WHAT TO DO> Find the line with "ピンクリボンかながわ ロゴマーク" in the entries below. Repeat it, every following line, and the line with "Albert Camus (Caricatura", exactly and with nothing added.

(Records drawn from a dataset)
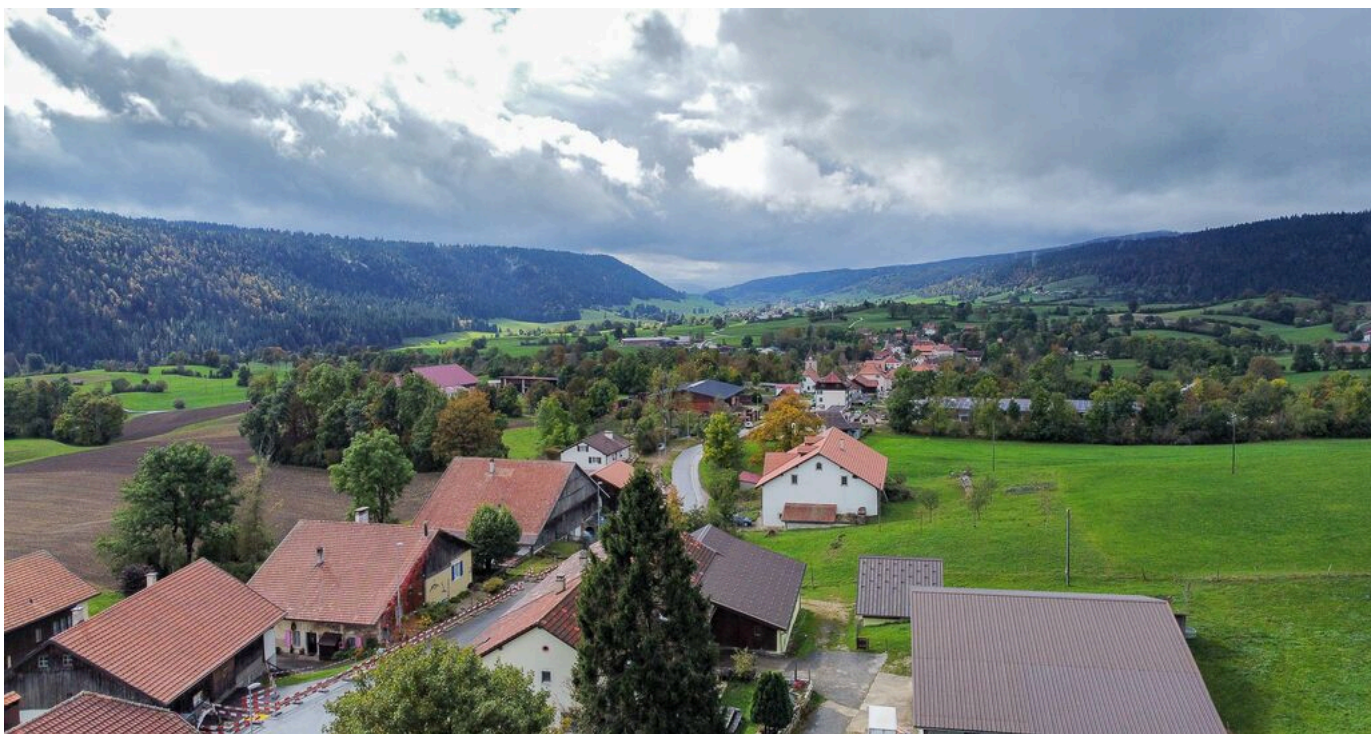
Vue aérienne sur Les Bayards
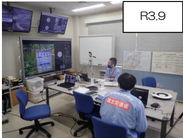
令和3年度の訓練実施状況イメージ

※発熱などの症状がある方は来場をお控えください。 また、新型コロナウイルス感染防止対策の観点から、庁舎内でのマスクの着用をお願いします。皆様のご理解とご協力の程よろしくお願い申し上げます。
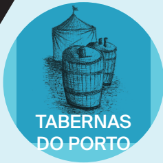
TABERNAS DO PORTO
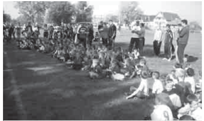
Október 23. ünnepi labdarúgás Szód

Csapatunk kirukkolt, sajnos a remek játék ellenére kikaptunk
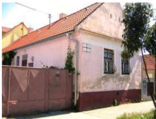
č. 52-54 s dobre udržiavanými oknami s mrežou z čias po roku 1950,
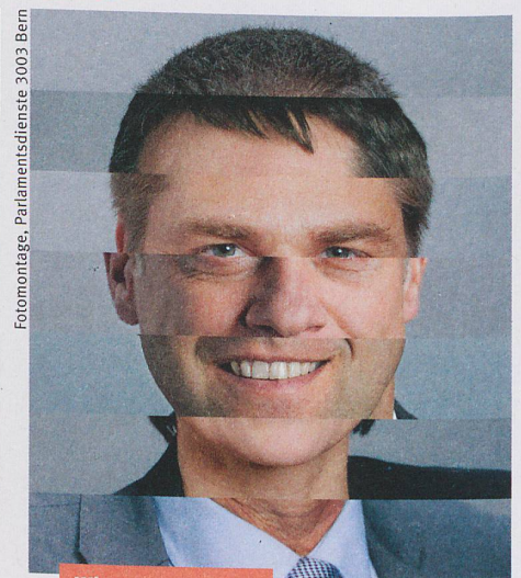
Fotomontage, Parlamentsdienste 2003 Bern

...

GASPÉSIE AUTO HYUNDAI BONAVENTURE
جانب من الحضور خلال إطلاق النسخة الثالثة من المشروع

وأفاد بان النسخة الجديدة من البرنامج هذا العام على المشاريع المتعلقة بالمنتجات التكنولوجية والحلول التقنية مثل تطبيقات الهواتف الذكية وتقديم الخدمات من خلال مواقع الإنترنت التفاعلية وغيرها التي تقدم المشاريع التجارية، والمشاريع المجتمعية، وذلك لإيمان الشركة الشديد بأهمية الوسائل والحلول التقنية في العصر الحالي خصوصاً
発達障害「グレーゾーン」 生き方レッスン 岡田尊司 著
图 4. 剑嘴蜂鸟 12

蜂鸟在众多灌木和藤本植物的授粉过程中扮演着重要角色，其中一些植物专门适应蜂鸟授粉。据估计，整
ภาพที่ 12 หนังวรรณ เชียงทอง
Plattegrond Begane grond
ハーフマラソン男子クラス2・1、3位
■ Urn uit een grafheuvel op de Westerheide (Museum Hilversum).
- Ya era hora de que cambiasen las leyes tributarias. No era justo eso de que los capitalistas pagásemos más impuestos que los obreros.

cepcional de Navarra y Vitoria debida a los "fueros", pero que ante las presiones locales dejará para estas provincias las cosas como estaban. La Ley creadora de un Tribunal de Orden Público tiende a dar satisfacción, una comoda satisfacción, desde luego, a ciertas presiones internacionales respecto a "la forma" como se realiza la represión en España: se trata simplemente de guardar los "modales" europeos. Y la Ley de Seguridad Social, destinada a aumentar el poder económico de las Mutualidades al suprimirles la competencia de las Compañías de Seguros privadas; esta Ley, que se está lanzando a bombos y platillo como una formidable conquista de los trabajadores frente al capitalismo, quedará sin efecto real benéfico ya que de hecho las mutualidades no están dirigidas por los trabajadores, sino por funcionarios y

...

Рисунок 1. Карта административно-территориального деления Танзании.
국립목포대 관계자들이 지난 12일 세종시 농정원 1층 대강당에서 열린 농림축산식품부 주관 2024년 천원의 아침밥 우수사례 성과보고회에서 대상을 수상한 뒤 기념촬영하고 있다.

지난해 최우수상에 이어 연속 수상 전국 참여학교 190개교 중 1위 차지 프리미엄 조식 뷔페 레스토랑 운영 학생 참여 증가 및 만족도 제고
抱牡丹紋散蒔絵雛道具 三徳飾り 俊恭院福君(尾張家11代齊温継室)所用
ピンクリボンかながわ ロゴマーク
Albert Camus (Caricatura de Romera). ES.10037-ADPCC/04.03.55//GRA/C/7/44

RESULT OF THE TASK>
ピンクリボンかながわ ロゴマーク
Albert Camus (Caricatura de Romera). ES.10037-ADPCC/04.03.55//GRA/C/7/44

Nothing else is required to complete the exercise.